You’re all awesome! Thanks for visiting Crazyland, and as my herd of wild monkeys has finally settled down, it’s time for me to sleep.

On Vulnerability

Lately I’ve become a little addicted to reading The Hunger Games Trilogy, despite my initial resistance. My husband wanted to watch the first movie one night, and I refused, claiming it was not my kind of movie, and that the idea of violent teenagers in an arena was enough to give me daymares. So he bought the books instead and got totally hooked, reading it tons while he was home sick for a few days. Then my husband, who loves to share, convinced me to read it too, and after this we’ll likely watch all the movies. That’s what I get for not watching one movie! ๐Ÿ˜‰

But I’m glad, and it’s a lot more engrossing than I imagined. Certainly the ideas of media control, surveillance, and propaganda in their harsh society are politically relevant and spookily real at times. But honestly, what’s really grabbing me is the romance. Tortured teenage love triangle, which sounds cheesy but is actually quite beautifully done. I’m only half way through book two, but what interests me so far is the main character Katniss’ inability to authentically respond to love.

She craves the warmth and security of love a lot but fears it more. I think this is because to really open herself up to love would be the ultimate vulnerability. Her survival so far has been based on strength, grit, toughing it out, learning to lock away her emotions and overcome desperation to help her family survive. Her identity is the hunter, the provider, the one who doesn’t care about anyone but her family. The idea of letting her heart out of its cage frightens her, because she couldn’t defend it with violence, as she can her life. Her happiness would be out of her control.

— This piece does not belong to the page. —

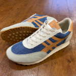 アッパーには、ピュアインディゴにてロープ染色で染め上げられた、鮮やかで深みのあるインディゴデニムを採用。さらにサンドカラーによるスエードのオーバーレイでクラシックなイメージも加わっています。

As I said, love is the ultimate vulnerability; the more you love someone, the more their loss can hurt you, and in her precarious world this is a real danger. This is in a way the real tragedy in her world, that the freedom to love is choked by fear. But if we can’t love, are we really alive anyway?

When the baker’s son Peeta is repeatedly kind to her, she is suspicious. His willingness to repeatedly sacrifice himself for her causes confusion and shame; she can’t understand his actions. Only when he is severely wounded, and she can come to the rescue, does she allow herself to feel more. When he is strong, her pride rebels; when he is weak, she yearns to heal him.

It is similar with her best friend and hunting companion Gale; her strong attachment to him only becomes clearly romantic when he is flogged and near death. She only feels comfortable as the saviour, and gets evasive whenever love is expressed between equals. This changeable nature of her heart is extremely frustrating, and in a way, very realistic. After all, she’s a teenager!

Anyway, you can see what I’ve been doing in spare moments when feeding the baby, and what I’ve been obsessing over while doing the dishes. Yup, I’m hooked, and rooting for Peeta, the kind, generous, giving one who lays down his life again and again for Katniss. He reminds me of my husband. The nice guy whose strength lies in self-giving, as opposed to the dark, brooding hunter that is Gale.

But don’t tell me what happens; I’ll be crushed if my little crush is crushed…which given the awful nature of the world of The Hunger Games, is very likely.